Liberty fabrics are instantly recognisable as such and have been highly copied and used by leading designers of their times such as Poiret, Saint Laurent, Cacharel, Jean Muir and Hermes.

*Hermes for Liberty Scarves
The designs relying heavily on arts and crafts and at noveau motifs are luxurious in their approach. Designs are continuously updated to reflect current moods and trends. Paisley, peacock feathers and floral patterns run riot across fabrics with abandon.

The furniture department is filled with modern day classics form the utilitarian to the cutting edge, stocking well known design classics to the avant garde.

The character of products carried by Liberty change very little compared to other major retailers. There is always a strong emphasis on good distinctive design maintaining an aura of exclusivity. The major goal in products carried and designed is to set trends while remaining true to the sensibility of founder Arthur Lazenby Liberty, while remaining cutting edge.

I was very surprised when I had read about the Liberty collaboration with Target, and think it was all done very well, without any design compromises being made to the design aesthetic.

So next time you are in London lose yourself in the Savoir Faire that is Liberty.


  1. This comment has been removed by the author.

  2. beautiful post!!
    i loooove liberty style!!
    greetings from spain

  3. I love a good peek around Libs! Thanks for your lovely comments over the past few days, David.

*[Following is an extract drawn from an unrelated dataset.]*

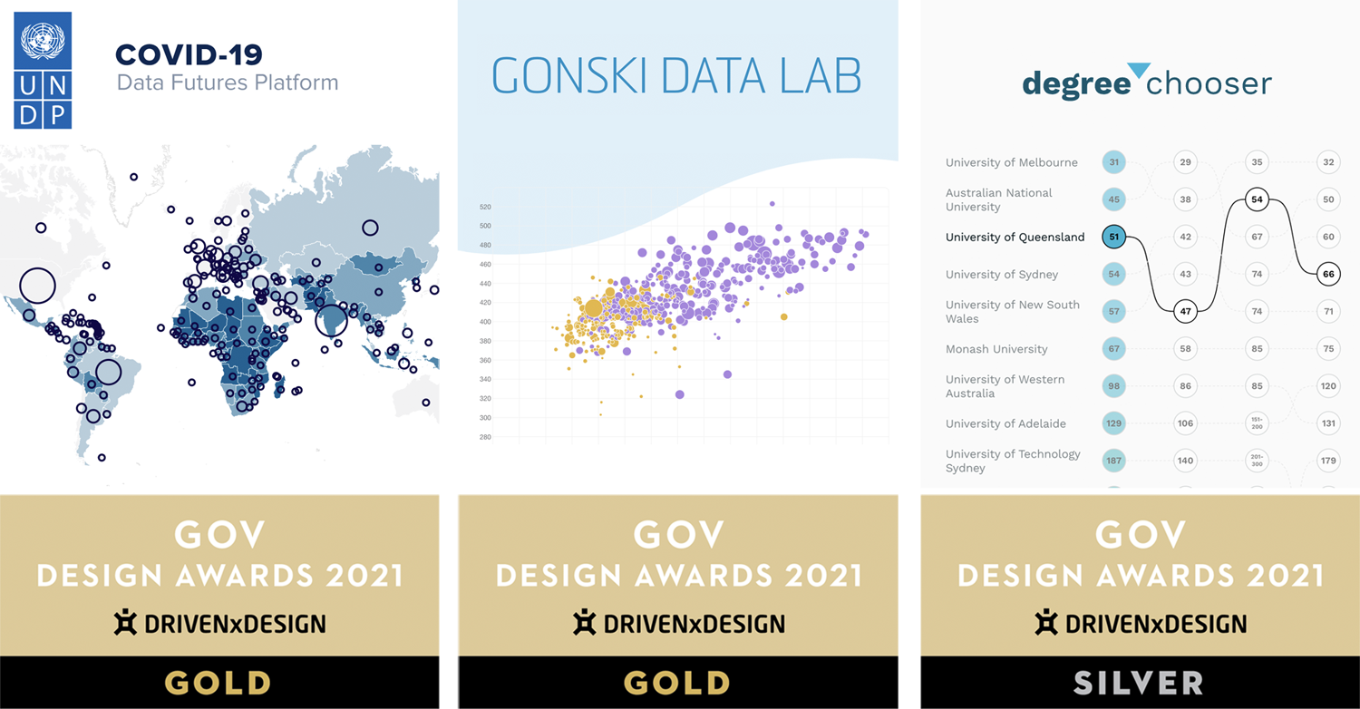 Our COVID-19 Data Futures Platform for the United Nations Development Programme won a gold GOV Design Award, as did the Gonski Data Lab, which we designed and built for the UNSW Gonski Institute for Education. Degree Chooser, created for Barlow Advisory and integrated into the University Admissions Centre website, took out a silver award. The GOV awards are organised annually by DRIVENxDESIGN (driven by design).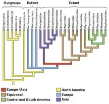 Cladogram showing the relatedness of bats, different colored branches correspond to the species' region.

  4. I fly to London in october!!!

    Great post!

  5. Bicocaclors, Many thanks for visiting my blog. Glad you liked the post.

    Will, Make sure you pick up something for me! And a big thanks to you too! It is a pleasure.

    Joe, make sure you go to Libertys! Enjoy your trip, I am so jealous!

  6. I was only into Liberty once, more than 20 years ago, but I still remember it well. It has such an individual, and very British character. It has the feel of a real emporium...somewhere that was well stocked with things from throughout the empire. But it wasn't cheap!

    The store looks a bit like Ridpath's in Toronto, no? I like the way they keep the orginal concept unlike the conglomerate boutiques around the world that all conform. I mean, don't all the Guerlains, Guccis, Chanels all conform to the same, minimalist, sleek aesthetic? It is beautiful but now so predictable.

    I love stores like Liberty that don't change for the sake of change. Those fine Egyptian cotton Liberty floral prints are superb for summer, and nothing compares to the quality and classic look.

    Enjoyed the article. Thank you.

  7. SWF, yes it is a bit like Ridpaths with the mock Tudor style. Yes, it is nice to see the original concept kept, which is out of today's modern design concept. The Guccis, Chanles etc are all virtually the same with nothing really to tell you (except for a logo or two) which tells you where you are.